A. Dołęga, B. Becker, J. Chojnacki
Jan 30, 2004
Citations
0
Influential Citations
26
Citations
Journal
Inorganica Chimica Acta
Abstract
Abstract Five zinc tri-tert-butoxysilanethiolates containing heterocyclic, aromatic bases coordinated to zinc ion were synthesized. All obtained complexes are monomeric with ZnS2NO2 or ZnS2N2 core and formula: Zn(SSi(OBut)3)2L, where L is α-picoline (pic), 2,4-lutidine (lut) or N-methylimidazole (meim) or Zn(SSi(OBut)3)2L2 where L is pyridine (py) or N-methylimidazole. The complexes are formed in the two-stage synthesis.

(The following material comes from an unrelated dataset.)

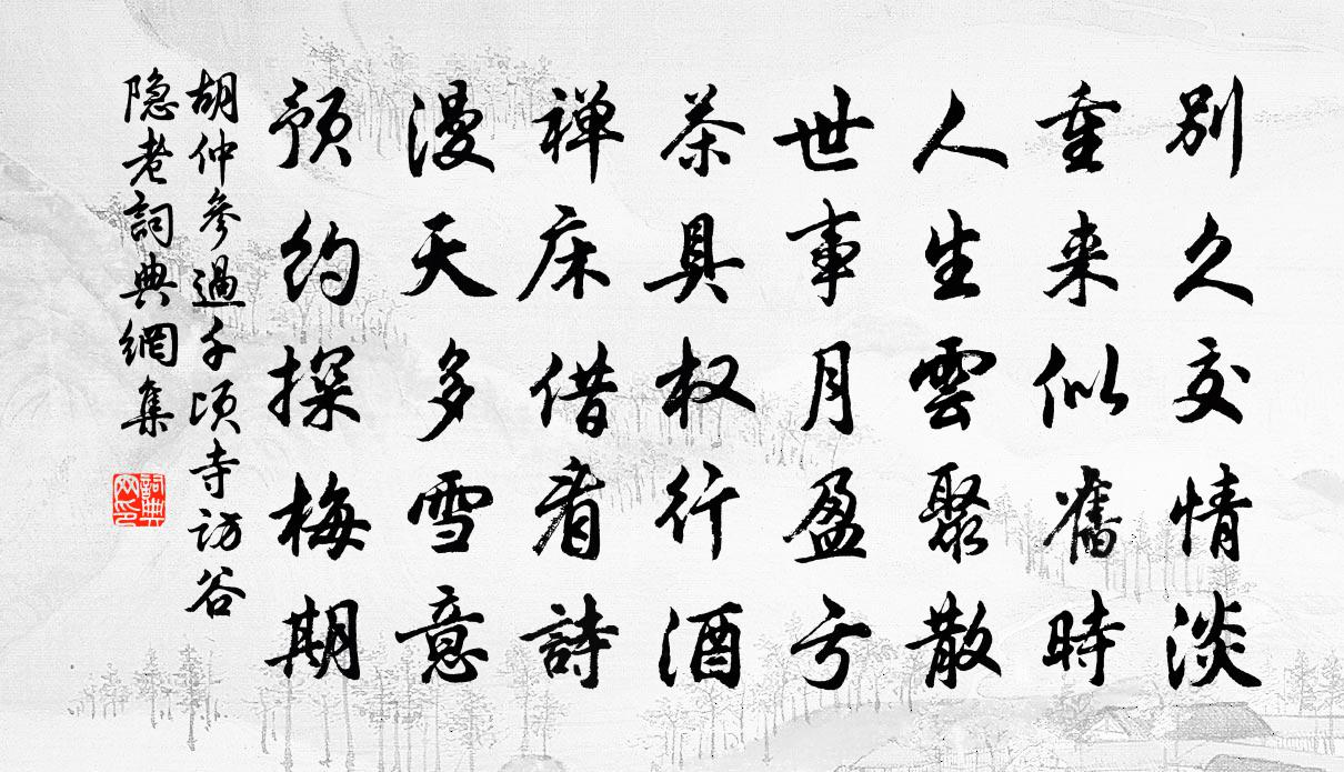 詩詞名句歷史字典書法欣賞書法字典國語詞典說文解字康熙字典古漢語字典標 題 作 者 詩 句 過千頃寺訪谷隱老作者:胡仲參 朝代:宋代過千頃寺訪谷隱老原文別久交情淡,重來似舊時。人生雲聚散,世事月盈虧。茶具權行酒,禪床借看詩。漫天多雪意,預約探梅期。詩詞問答問:過千頃寺訪谷隱老的作者是誰?答:胡仲參問:過千頃寺訪谷隱老寫於哪個朝代?答:宋代胡仲參過千頃寺訪谷隱老書法欣賞過千頃寺訪谷隱老書法作品詩詞推薦寄十扇與陳述之曾幾〔宋代〕饒陽輕箑人共知,封書寄與今其時。清風兩腋想披拂,明月千里能追隨。一朝貴重得謝傅,中道捐棄憐班姬。吾徒相和歌辭。江南曲八首劉希夷〔唐代〕暮宿南洲草,晨行北岸林。日懸滄海闊,水隔洞庭深。煙景無留意,風波有異潯。歲游難極目,春戲易為心。朝夕家僕來叢桂告米粟不繼王炎〔宋代〕來時花柳未全春,燕子將雛已夏深。破鏡望中占遠信,扊扅歌里有悲音。青衫得祿猶彈鋏,白髮欺人慾上簪。築室陽春曲/陽春史達祖〔宋代〕杏花煙,梨花月,誰與暈開春色。坊巷曉愔愔,東風斷、舊火銷處近寒食。少年蹤跡。愁暗隔、水南山北。還是寶頌古八首釋道顏〔宋代〕罵他還自罵,嗔他還自嗔。戒之慎之,出乎爾者,反乎爾者也。偶成 其二王冕〔元代〕萬里長山走薊門,嶄然天險中路分。高風吹雨作飛雪,老樹積煙成凍雲。武帳駐兵談亞父,氈城無語及昭君。夜深道士張鑄〔宋代〕乘龍控魯真吾偶,化石燒金即我曹。塵世混來名異跡,蓬山思去夢魂勞。吟依古柏天風斷。嘯近倦壇海月高。九轉官軍行汪琬〔清代〕亂飛沙禽吠村狗,官軍夜逾谷城口。大船小船爭避行,長年吞聲復搖手。錦袍繡箙月中明,牛肉粗肥挏乳清。胡琴同吳居安入開善四首出山劉子翬〔宋代〕日日冬氣昏,霜風不鐮面。回輿始見山,數點寒中現。我行得勝友,笑語生華絢。如何劍峰南,咫尺不常見。地震蒲松齡〔清代〕康熙七年六月十七日戌刻,地大震。余適客稷下,方與表兄李篤之對燭飲。忽聞有聲如雷,自東南來,向西北去。詠懷二首·其一李賀〔唐代〕長卿懷茂陵,綠草垂石井。彈琴看文君,春風吹鬢影。梁王與武帝,棄之如斷梗。惟留一簡書,金泥泰山頂。禁林宴會之什楊徽之〔唐代〕星移歲律應青陽,得奉群英集玉堂。龍鳳雙飛觀御札,雲霞五色詠天章。禁林漸覺清風暖,仙界元知白日長。詔出春暮趙希逢〔宋代〕路入清溪一帶橋,滿汀紅紫半零凋。數峰髧鬌山堆髻,百態妖嬈柳颭腰。聯轡踏花嘶寶馬,當壚換酒解金貂。堂堂五用喜雨韻三首吳潛〔宋代〕暗雲潑雨土生香,不假琮黃與璧蒼。天道從來關感應,人閒此際換炎涼。青燈可近聊憑案,緗帙堪翻謾啟箱。窗外句孫甫〔宋代〕衰病自憐無酒趣,塵容猶賴有詩情。敗簾六韻吳融〔唐代〕有客編來久,彌年斷不收。不堪風作候,豈復燕為讎?盡見三重閣,難迷百尺樓。伴燈微掩夢,兼扇劣遮羞。零落尋裴處士孟郊〔唐代〕涉水更登入,所向皆清真。寒草不藏徑,靈峰知有人。悠哉鍊金客,獨與煙霞親。曾是欲輕舉,誰言空隱淪。遠心偈頌十二首釋安永〔宋代〕枯木生花劫外春,馨香逼界古今聞。忽然樹倒歸何處,猿叫千山月滿船。觀獵行王邁〔宋代〕落日飛山上,山下人呼獵。出門縱步觀,無遑需屐屧。至則聞獵人,喧然肆牙頰。或言岐徑多,御者因追躡。或言賀行軍太傅得《白氏東林集》齊己〔唐代〕樂天歌詠有遺編,留在東林伴白蓮。百尺典墳隨喪亂,一家風雅獨完全。常聞荊渚通侯論,果遂吳都使者傳。仰賀名句推薦井放轆轤閒浸酒,籠開鸚鵡報煎茶。張蠙《夏日題老將林亭》 無求到處人情好,不飲任他酒價高。佚名《增廣賢文·上集》 借問承恩者,雙蛾幾許長?皇甫冉《婕妤怨》 八陣圖名成臥龍,六韜書功在飛熊。查德卿《蟾宮曲·懷古》 鳥宿池邊樹,僧敲月下門。賈島《題李凝幽居》 君子不動而敬,不言而信。子思《中庸·第三十三章》 黃河水繞漢宮牆,河上秋風雁幾行。李夢陽《秋望》 侵陵雪色還萱草,漏泄春光有柳條。杜甫《臘日》 簾控鉤,掩上珠樓,風雨替花愁喬吉《春閨怨·不系雕鞍門前柳》 今日俸錢過十萬,與君營奠復營齋。元稹《遣悲懷三首·其一》

First zinc acetyloacetonate Zn(acac)2 reacts with tri-tert-butoxysilanethiol with the formation of [Zn{μ-SSi(OBut)3}(acac)]2 [B. Becker, A. Dolega, A. Konitz, W. Wojnowski, Polyhedron 20 (2001) 949]. Subsequent addition of heterocycle leads to decomposition of [Zn{μ-SSi(OBut)3}(acac)]2 and complexes Zn(SSi(OBut)3)2L or Zn(SSi(OBut)3)2L2 are formed. Crystal structure determinations of the obtained complexes reveal distorted tetrahedral (Zn(SSi(OBut)3)2L2) or bipyramidal (Zn(SSi(OBut)3)2L) coordination of zinc atom. In the case of Zn(SSi(OBut)3)2L the immediate environment of zinc atom consists of two thiolate sulfur atoms, aromatic nitrogen and two oxygen atoms from tert-butoxy groups of tri-tert-butoxysilanethiolate completing coordination sphere.